Majority of Rubio's Louisiana Delegates Push Back Against Claims They're Backing Cruz
Four delegates previously allocated to Marco Rubio say they are now uncommitted.
— -- Despite reports that Louisiana’s 10 uncommitted delegates will likely vote for Ted Cruz on the first ballot at the Republican convention in Cleveland, four of the five delegates previously assigned to Marco Rubio have come out with a joint statement declaring they are undecided about who they will vote for this summer.
The statement, signed by Louisiana delegates Stephanie Berault, Kirk Williamson, Luke Letlow and Leslie Tassin, all of whom were allocated to represent Marco Rubio at the convention, unequivocally says they are now uncommitted and have not decided how they will vote.
“We reserve the right to support another candidate in the future but at this time feel it necessary to remain strictly uncommitted out of obligation to our candidate of choice and our voters,” the four delegates write. “Any reporting of our intention to support one active candidate over another is simply not accurate.”
The statement comes after Donald Trump threatened to sue Louisiana if he ended up with fewer delegates from the state than Cruz. Although Trump won the Louisiana primary, he and Cruz both received 18 delegates. Rubio received five, and another five were deemed uncommitted as a result of the allocation process.
But under the Republican Party of Louisiana's rules, Rubio’s five delegates became free agents after he dropped out, bringing the number of uncommitted delegates to 10, all of which are prime for wooing by the Trump and Cruz campaigns.
The Wall Street Journal reported in March that local Louisiana GOP leaders expect the 10 uncommitted delegates to back Cruz at the convention, prompting Trump to tweet that he could take legal action.
While some of the non-Rubio unbound delegates have signaled support for Cruz, nearly all the delegates assigned to Rubio decided to clarify they had not made a choice yet.
After Trump claimed he would sue the state if all the uncommitted delegates supported Cruz, the spotlight intensified on the delegates, and four of the five delegates sought to make clear they were not committed to any candidate. The fifth delegate, Jennifer LeBlanc, did not sign the statement.

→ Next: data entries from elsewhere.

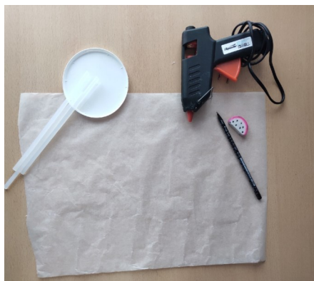
1 этап. Подготовили рабочее место, все инструменты для выполнения работы.

Для работы Вам понадобится: Клеевой пистолет, пергамент (бумага для запекания), карандаш, ластик, круглая форма, линейка.
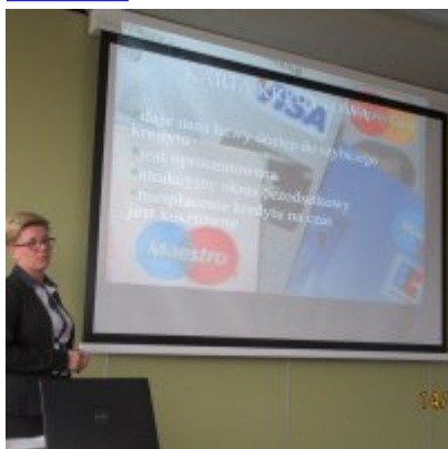
ŚWIATOWY TYDZIEŃ PRZEDSIĘBIORCZOŚCI W WIELOZOWODOWYM ZESPOLE SZKÓŁ W ZATORZE
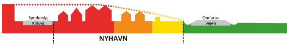
Illustration af bebyggelsens omfang og placering

Området er i dag udlagt til landbrug og har ingen rekreativ værdi.
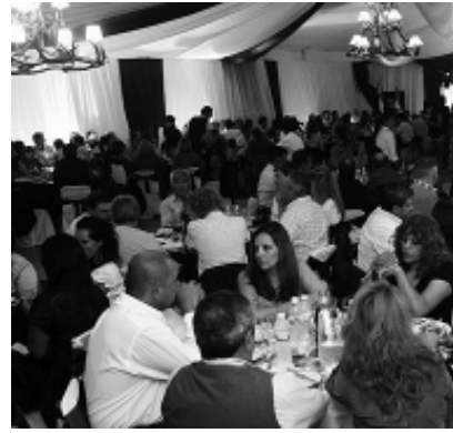
A salón lleno se desarrolló la Fiesta de la Caza

El costo por persona será de $ 45 para la guiada solamente; $ 50 para la guiada con desayuno in-
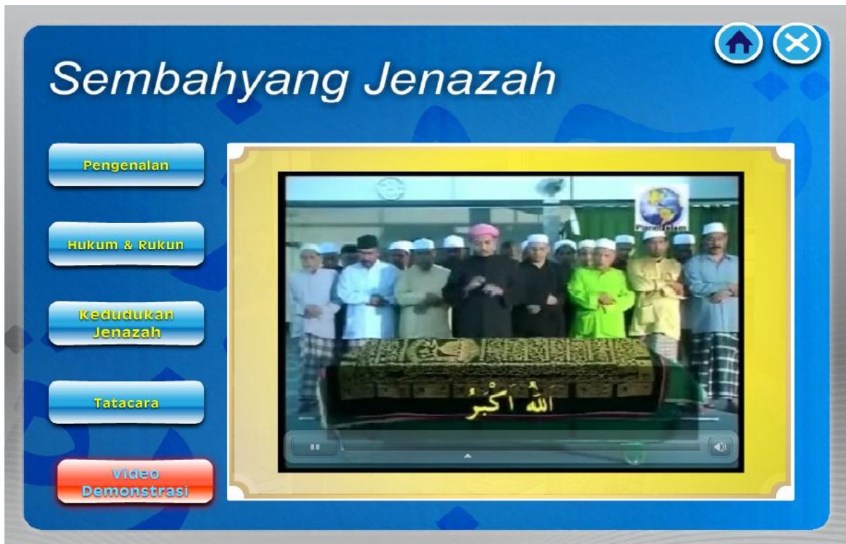
Rajah 2d Skrin Persembahan Maklumat (Video)
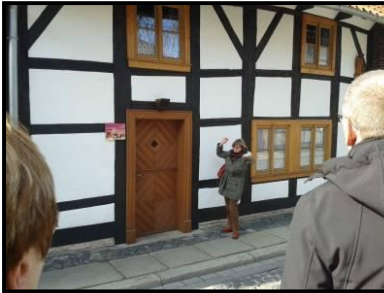
Das älteste Haus

Durch die Fußgängerzone mit Geschäften wie sie auch in anderen Innenstädten zu finden sind, kamen wir zum Marktplatz mit seinem imposanten Rathaus. Aus Stein wurde ab 1277 ein massives gedrungenes Gebäude errichtet. Um das Haus attraktiver zu gestalten und die Wichtigkeit der Stadt zu demonstrieren bekam der Unterbau ab 1492 eine Fachwerkaufstockung. 1497 wurde dann vor dem breiten niederdeutschen Giebeln zwei schlanke Fachwerkstürme gesetzt und als Gegenstück zu den vertikalen Elementen, als horizontales Band, in den unteren Gefachen „geschweifte Andreaskreuze“ eingebaut die hier zum ersten Mal in Wernigerode auftauchen, und dann in der Stadt an anderen Fachwerkhäusern übernommen wurden. Sein heutiges Aussehen erhielt das Rathaus nach dem Brand im Jahr 1521 und weitere Umbauten bis 1544. Bemerkenswert sind die geschnitzten Figuren mit denen die Geschoss- und Dachüberstände verziert sind. Es gilt heute als eines der schönsten Rathäuser Europas.
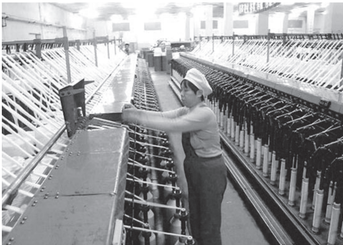
En arbejder i Halnan-provinsen producerer tekstil til eksport til USA

Det er dét mareridt, der stadig giver slagterne fra Beijing søvnløse nætter.
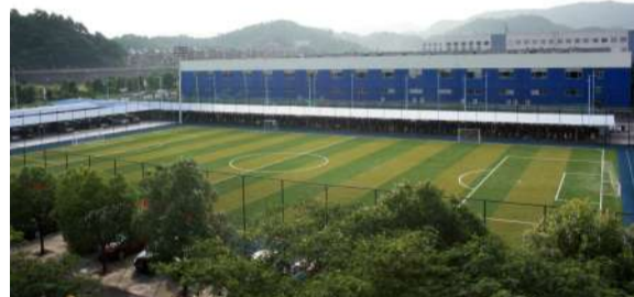
九人制标准足球场
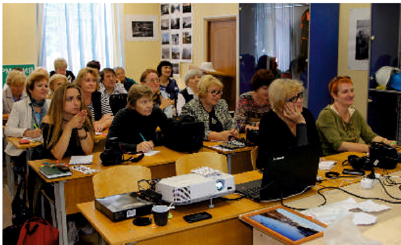
Фото клуб Контраст, Лекция №1
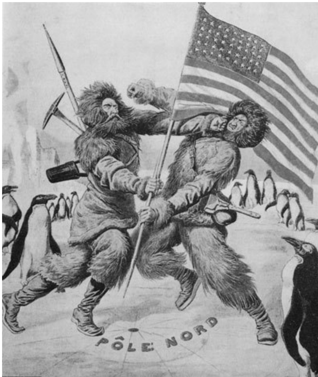
Пири и Кук борются за первенство в открытии Северного полюса в окружении... пингвинов. Французская карикатура
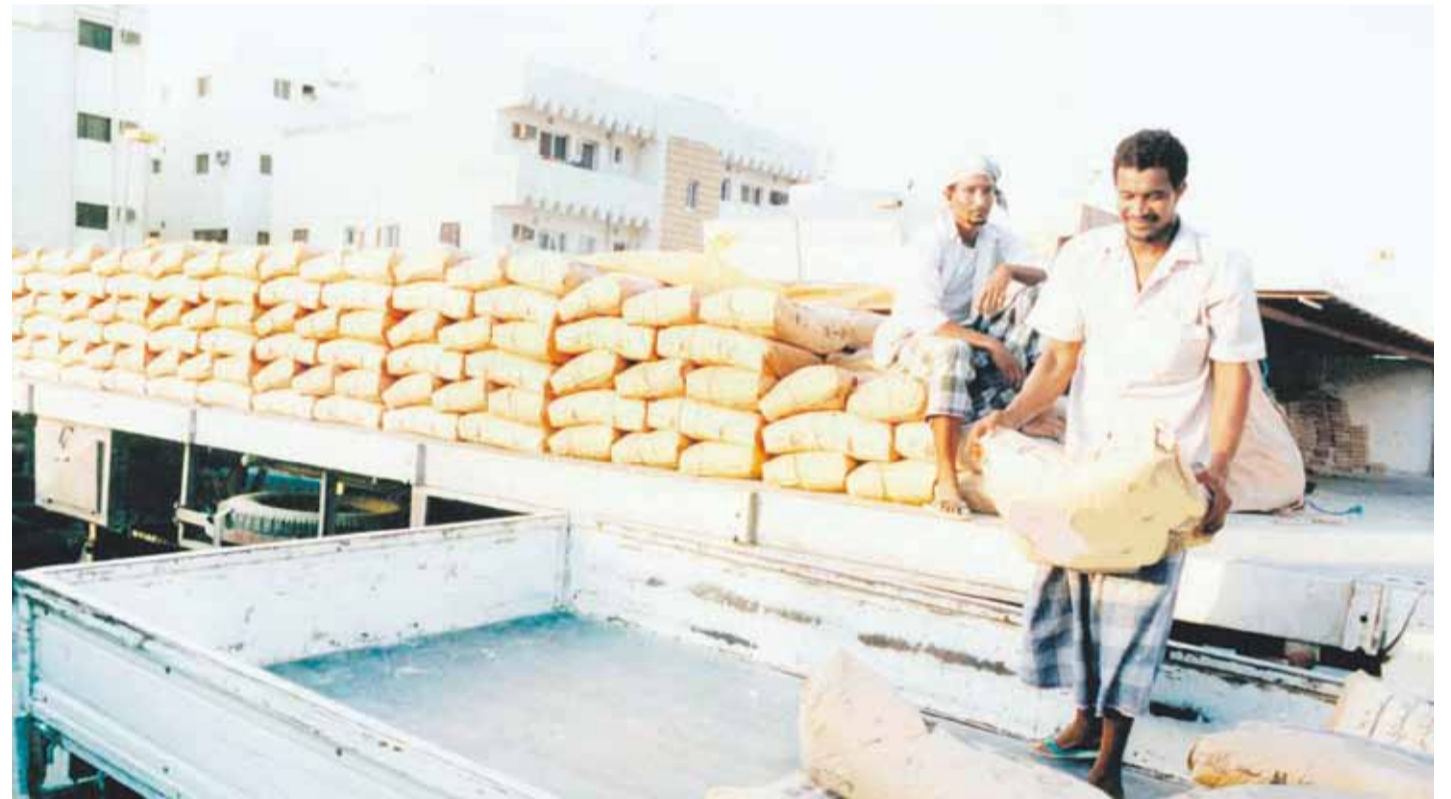
صناعة الإسمنت تواجه عقبات تعوق نموها
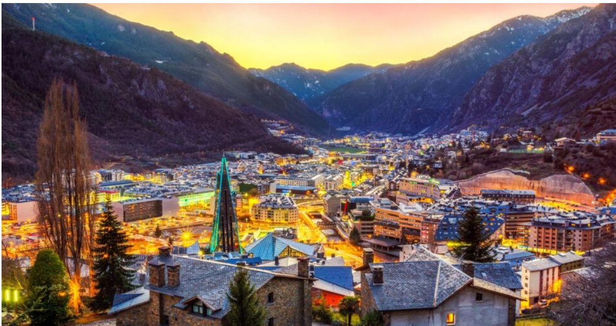
Andorras huvudstad Andorra La Vella

Vi startar dagen tidigt för att färdas i riktning hjärtat av Pyrenéerna där landskapet successivt skiftar från böljande kullar till dramatiska bergsryggar och vägarna blir allt smalare och slingrigare. Vid ankomst besöker vi Andorra la Vella, Europas högst belägna huvudstad och strosar genom de charmiga gatorna och tar en titt på Casa de la Vall, parlamentshuset från 1500-talet. Det blir en kontrast mellan gammalt och nytt. Lite tid för shopping naturligtvis då Andorra är känt för sina förmånliga priser på parfym, elektronik, mode och alkoholhaltiga drycker. Vi avnjuter en god traditionell lunch på en lokal restaurang innan vi vänder mätta och belåtna tillbaka till Calella och vårt hotell för lite senare middag.
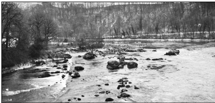
Das ausserordentliche Niedrigwasser lässt in der Rheinbiegung direkt oberhalb des Rheinflalls sehr viele Steine sichtbar werden.
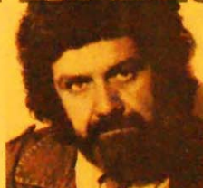
Trigo: "vi a fúria de um povo"

O delegado também contribuiu. Numa falta de competência ele manteve durante quatro horas os suspeitos e não teve o "desconfiômetro" de tirá-los da cidade onde existia a síndrome de vingança. O pessoal começou a se aglomerar na porta da Dele-
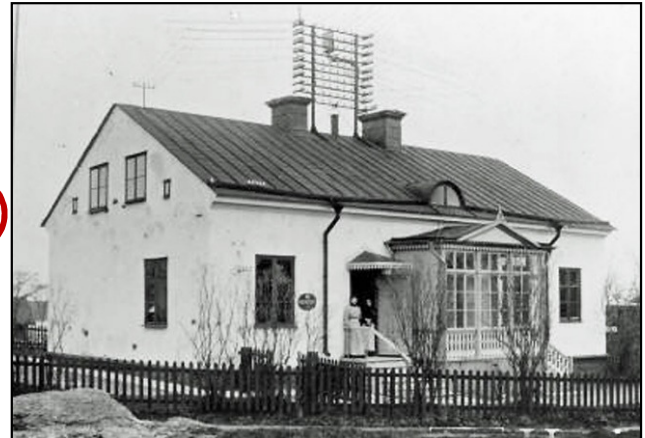
Postvägen 3, slutet 1893-1944, där telegrafstationen fanns kvar till 1952.
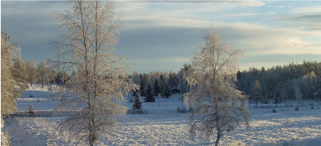
Førjulstemning på Gytsetra.

og laget en plan for å ekstingvere skrikingen. Hun mener at hvis mannen hadde vært psykolog, hadde han vært av «Carl Rogers–typen», men han gikk med på det, og de bestemte seg for å «skinnerisere» barnet. Barnet ble tatt opp kortere og kortere tid, og de ventet lenger og lenger med å ta det opp. Etter fem netter sov barnet som en stein natten gjennom slik at det nesten ble for mye av det gode.
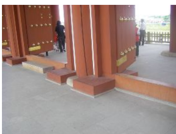
↑でも朱雀門の上からは外側には渡れないし、階段しかないのでお下りられないよ。

“It said the 10 uncommitted were leaning toward Cruz,” Tassin, one of the delegates who signed the statement in question, told ABC News, referring to the Wall Street Journal article. “But nobody had ever called me or the other delegates that were committed to Rubio. So we said, 'We’ve got to get together and stop this media reporting.'”
In most election years, unbound delegates do not have outsize influence at a convention. But there is an increasingly likely possibility that no candidate will gain the 1,237 delegates needed to secure the nomination. If that is the case, the candidate with the highest number of delegates will need as many uncommitted delegates as possible to hit that number on the first round of voting at the convention. An ABC News analysis found that over 136 delegates could be uncommitted on the first ballot.
Lionel Rainey, who was Rubio’s state grassroots director in Louisiana and who now works for the Cruz campaign, still thinks a majority of Rubio’s Louisiana delegates will jump to Cruz. The two senators are “virtually identical in regard to specific policy and core beliefs,” he wrote in an e-mail to ABC News, and he thinks Trump’s comments belittling Rubio could backfire.
“If [Trump] really wanted the support of Rubio’s delegates, maybe he shouldn't have called him 'Little Marco' every chance he had,” Rainey said.
But Tassin noted that it's the Trump campaign that's been trying to sway his vote, not the Cruz campaign.
“We had a Trump person come to my house and spent an hour and a half,” Tassin said. “I have had zero contact from any Cruz person.”
He added: "They say Cruz is better than Trump but I disagree with that."